Trichostatin A, lead compound for development of antifibrogenic drugs.

Eukaryotic gene expression has mainly been studied in the context of trans-acting transcription factors and their interaction with regulatory cis-elements. Evidence is accumulating, that the higher order structure of chromatin also plays an essential role in eukaryotic gene expression. Hepatic stellate cells are the major cellular source of extracellular matrix synthesis in chronic liver diseases leading to fibrosis. We explored the antifibrogenic effect of the histone deacetylase inhibitor trichostatin A (TSA) on hepatic stellate cells in vitro.
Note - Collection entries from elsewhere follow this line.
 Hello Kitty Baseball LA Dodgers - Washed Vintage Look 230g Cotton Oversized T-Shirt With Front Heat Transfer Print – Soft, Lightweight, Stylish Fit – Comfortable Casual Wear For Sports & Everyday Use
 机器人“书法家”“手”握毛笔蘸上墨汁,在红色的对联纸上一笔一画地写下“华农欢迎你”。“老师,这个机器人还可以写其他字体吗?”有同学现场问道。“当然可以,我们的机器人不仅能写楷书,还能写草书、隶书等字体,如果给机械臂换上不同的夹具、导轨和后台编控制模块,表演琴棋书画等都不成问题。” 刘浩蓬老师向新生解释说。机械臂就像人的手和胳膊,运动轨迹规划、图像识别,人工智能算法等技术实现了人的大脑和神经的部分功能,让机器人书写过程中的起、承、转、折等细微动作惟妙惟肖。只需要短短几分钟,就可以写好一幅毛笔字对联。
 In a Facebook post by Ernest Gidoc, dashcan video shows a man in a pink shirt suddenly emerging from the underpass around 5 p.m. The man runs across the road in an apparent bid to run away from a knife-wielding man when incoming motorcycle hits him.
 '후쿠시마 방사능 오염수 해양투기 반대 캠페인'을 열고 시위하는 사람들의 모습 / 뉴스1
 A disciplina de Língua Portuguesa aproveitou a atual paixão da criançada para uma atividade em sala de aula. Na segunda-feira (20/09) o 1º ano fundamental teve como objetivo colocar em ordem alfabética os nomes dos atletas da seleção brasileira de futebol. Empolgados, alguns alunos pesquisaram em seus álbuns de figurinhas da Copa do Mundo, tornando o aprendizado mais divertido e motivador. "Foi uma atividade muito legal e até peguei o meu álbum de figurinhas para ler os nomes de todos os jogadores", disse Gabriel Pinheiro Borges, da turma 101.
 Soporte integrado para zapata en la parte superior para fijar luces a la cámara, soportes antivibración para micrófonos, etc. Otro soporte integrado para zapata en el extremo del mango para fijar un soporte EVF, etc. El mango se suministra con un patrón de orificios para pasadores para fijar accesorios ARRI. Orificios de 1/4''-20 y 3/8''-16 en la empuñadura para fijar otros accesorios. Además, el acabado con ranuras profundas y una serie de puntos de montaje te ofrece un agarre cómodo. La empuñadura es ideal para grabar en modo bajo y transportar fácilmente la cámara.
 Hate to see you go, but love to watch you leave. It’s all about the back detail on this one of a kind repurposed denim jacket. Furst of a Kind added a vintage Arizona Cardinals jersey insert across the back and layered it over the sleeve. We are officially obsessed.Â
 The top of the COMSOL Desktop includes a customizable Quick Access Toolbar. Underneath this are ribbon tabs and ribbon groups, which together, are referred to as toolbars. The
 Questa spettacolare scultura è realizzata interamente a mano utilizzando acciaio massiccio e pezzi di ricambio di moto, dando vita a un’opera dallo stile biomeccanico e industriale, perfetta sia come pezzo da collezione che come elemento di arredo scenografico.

Primary hepatic stellate cells as well as activated, subcultured stellate cells were exposed to 10(-7) M-10(-9) M TSA. Collagens type I and III, and smooth muscle alpha-actin (alpha-SMA), a marker for transdifferentiation, were investigated at the protein and mRNA level by performing Northern hybridisation and quantitative immunoprecipitation. The antiproliferative effect was examined by 3H-thymidine incorporation and cell counting. Hyperacetylation of histone H4 was demonstrated by acid urea Triton-X-100 (AUT) polyacrylamide gel electrophoresis. TSA at 10(-7) M retarded the morphological changes characteristics for activation of primary stellate cells. Synthesis of collagens type I and III, and alpha-SMA was strongly inhibited at both protein and mRNA level. The proliferation rate of primary hepatic stellate cells was strongly suppressed by 10(-7) M TSA. Hyperacetylation of histone H4 showed to be maximal at 10(-7) M TSA. Primary hepatic stellate cells were more affected by TSA than subcultured stellate cells.